As shows age, the potential pitfalls of breaking their own rules become greater and greater. Damon Lindelof, the co-creator of Lost and HBO's The Leftovers who knows a little something about killing off TV characters, was a guest on Talking Dead, the post–Walking Dead discussion show, immediately after Glenn's apparent demise, and he explained why he found the death so effective.

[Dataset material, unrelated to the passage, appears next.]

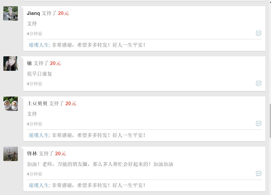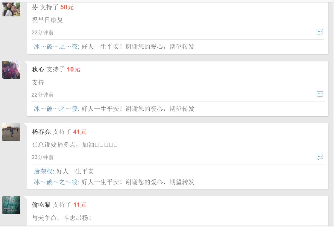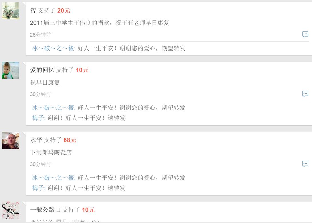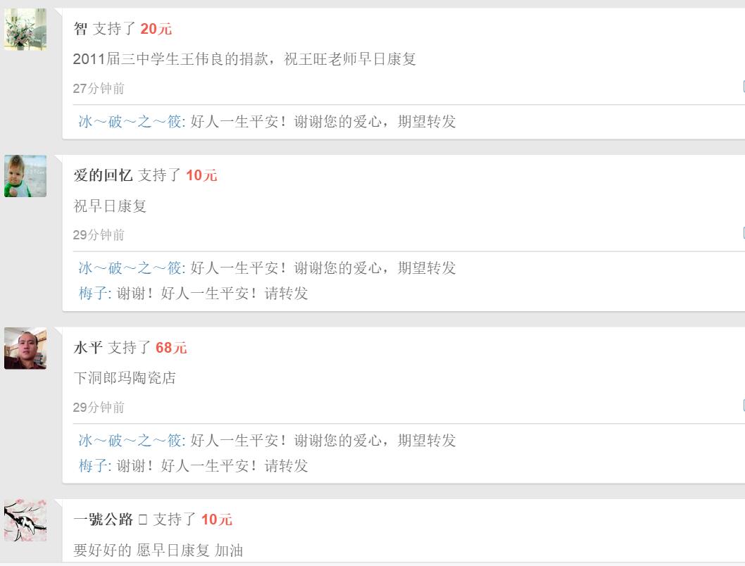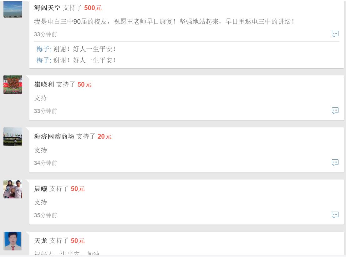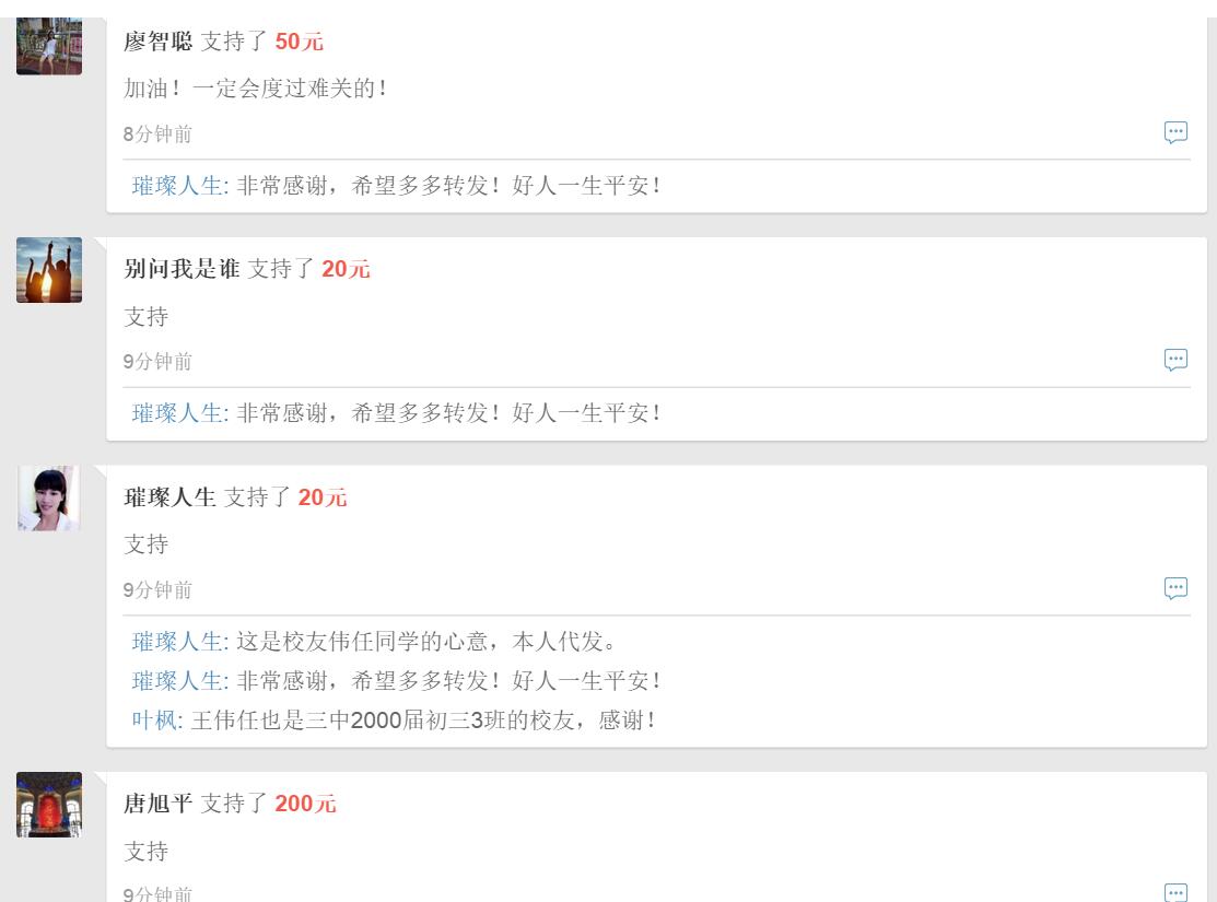众筹平台从早上开通到现在,一共接受了五百多热心人士的捐款,暂筹资金27682.53 电白三中许多老师自发为王老师在自己朋友圈和同学群里转发,还有王旺老师曾经的学生・・・・・・以下是在众筹平台截图 人太多就不一一截了,以下是链接大家都可以进去关注一下。 http://m.qschou.com/project/4c79e852-be1f-...echat&shareto=2

Lindelof said (and I'm paraphrasing) that as a show like The Walking Dead gets older, the number of "unkillable" characters grows, because the audience grows so attached to them. When The Walking Dead began, Rick seemed to be its only unkillable character, since he was the protagonist. Now the show's list is quite long, and it includes figures like Daryl, Carol, Michonne, Carl, Maggie, and Glenn — at least until this week.

That's why Glenn's death resonates so much. It's been a long time since The Walking Dead killed someone who seemed as if he or she would survive forever. Some viewers might say since Beth in season five, but I would argue it's been since Laurie, way back in season three, who seemed to benefit from being Rick's wife. (Yes, she dies in the comics, but in very different fashion and later on in the story arc.)

Thus, killing Glenn emphasizes the "anything can happen" nature of the show. If he's not dead, despite the seemingly overwhelming odds stacked against him, it creates the possibility that The Walking Dead plays by the same rules as so many other more typical shows, where those who die are expendable side characters, and those who live are the main players.

Three ways The Walking Dead could successfully let Glenn live

Stay strong, Glenn.
AMC

Here are a few ways Glenn's survival could, potentially, work.

  1. His death really does push his moral conscience to its breaking point, and the character arc is so brilliantly executed that it negates the unlikelihood of his survival. This would require the show to write Glenn better than it ever has before, and for Steven Yeun to play an enormously complicated arc with pitch-perfect precision, but it's theoretically possible. It also seems to be what the show is aiming for.
  2. Glenn is bitten by zombies but somehow doesn't become one. Mystery ensues. This is another incredibly tricky scenario, because it requires the show to blatantly violate its rules, and in a way that introduces a mystery whose solution would completely break the series: If zombie bites are no longer fatal, there's much less reason to fear them. However, there's probably a way to make something like this work.
  3. Future episodes featuring Glenn focus solely on his now zombified face, staring toward the sky and gnashing his teeth, unable to move because zombies have so ruined his body. Yeah, this isn't "survival," really, but it would allow Yeun to stay on the show. Meanwhile, AMC — in a charitable act of using The Walking Dead's massive viewership for good — runs a ticker along the bottom of the screen reading, "PLEASE WATCH THE LEFTOVERS, CURRENTLY AIRING ON HBO. IT'S A GREAT SHOW AND COULD USE THE RATINGS HELP."

There's also the possibility, raised by showrunner Scott M. Gimple, of having Glenn continue to appear on the show in flashbacks. This would make sense if, say, Maggie is pregnant and only she and Glenn knew about it, but it would be tricky to achieve without being too sappy.

Also, I guess, he could be a ghost, but let's not go that way.

The Walking Dead airs Sundays at 9 pm Eastern on AMC. But it will probably be at least a few episodes before we definitively learn what's happened to Glenn.